Gedling Country Park

One of the routes I often take my pupils on is along Spring Lane (from Mapperley) down to Lowdham, then back through Burton Joyce or off to the A46 (or the opposite way, depending on where they live). It passes the site of the old Gedling Colliery, which closed in 1991, and which has been used for some time as a dogs’ toilet by local people.Gedling Colliery Site (pre-2015)

The route is important, since it is one of the few remaining roads where the idiot council hasn’t cut the national speed limit to 20mph, although it has reduced part of the road from NSL to 40mph. It enables learners to be taught how to handle the type of road where statistics tell us they are likely to have most of their accidents without having to travel 20 miles out of the council’s jurisdiction. But I am worried that might soon change.

Council stupidity goes far beyond introducing 20mph speed limits on roads which should be 30mph or more. In this example, it concerns their conversion of the old colliery site into a “country park”.

I don’t know about you, but to me a country walk means dirt tracks, old trees, brambles, and mud if it’s raining. And it means not many other people around. To the council, it means digging all that up and installing Tarmac (or some other artificial surface) footpaths and a nice big car park for people to drop litter in. It also means extra lighting and footpaths outside for “accessibility”. And this is exactly what they have been up to for the last six months, with all the associated road closures and restrictions. Gedling Colliery Site - converted to "country park"

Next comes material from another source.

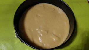 把混合好的蛋糊轻轻倒入刚冷藏过的烤碗,铺满青苹果薄片。这里说下,因为青苹果带酸味,用青苹果做甜品会清甜爽口一些,而且用柠檬汁浸泡过,就算烤好出炉都能维持果肉的本色。

When I was young, people could lay several miles of new paved footpath in a week. As I say, it has taken them close to six months to lay 25 metres of Tarmac along part of Spring Lane, and temporary lights have been up all that time. Of course, this was carried out slap in in the middle of the tram works (which have overrun by about a year so far), the Ring Road improvements (which have created more traffic jams), and the grossly overrunning “Creative Quarter” road works on Manvers Street (where two lanes of city centre traffic now – and forever – will have to make do with just one, and where pedestrian crossings have been placed on blind bends for use by the kind of people for whom it is borderline that they should be allowed out unsupervised in the first place).

The “country park” also has a 34-acre expanse of solar panels at its heart (this was opposed by virtually everyone, but approved by Gedling Borough Council anyway – and it was built quicker than you could say “no, hold on a minute…”). The park narrowly escaped having a waste recycling plant built on it.

I won’t go on about the detrimental effect all this is likely to have on the diversity of species on the park, because for reasons best known to him, Terry Lock (the chairman of some group known as “Friends of Gedling Country Park”) who once saw a badger reckons it will increase diversity. So who am I to argue over such absolute scientific fact?Spring Lane

No. My point is that when I went past the place with a pupil last week, we rounded a corner to be met by rows of cars parked on either side of the road for about a quarter of a mile, creating a  corridor that wasn’t wide enough for two vehicles to pass at the same time. I assumed it was some sort of opening ceremony, but given that Spring Lane is a narrow country lane (as this old Google Earth image shows) I thought how irresponsible it was of Gedling Borough Council to have allowed such dangerous parking.

However, when I went past on another lesson over the weekend we encountered the same thing, but with the additional problem of people blocking the road trying to get into the car park which was obviously full, otherwise those hundreds of other cars wouldn’t have been lined up outside. I noticed dozens of people out on an Easter “country walk” with their prams and designer wellies, wandering along the artificial paths that had been installed. The indiscriminate parking creates a long and continuous corridor with several bends, so you cannot see if anyone is coming the other way. It also means people are parking on grass verges outside residents’ homes and screwing up the grass borders.

So well done Gedling Borough Council for creating an absolute disaster-in-waiting. Someone will get killed and it’s all thanks you your bloody stupid ideas of what constitutes a “country park”, and your desire to attract the kind of morons who don’t give a f*** where they park as long as they get what they want.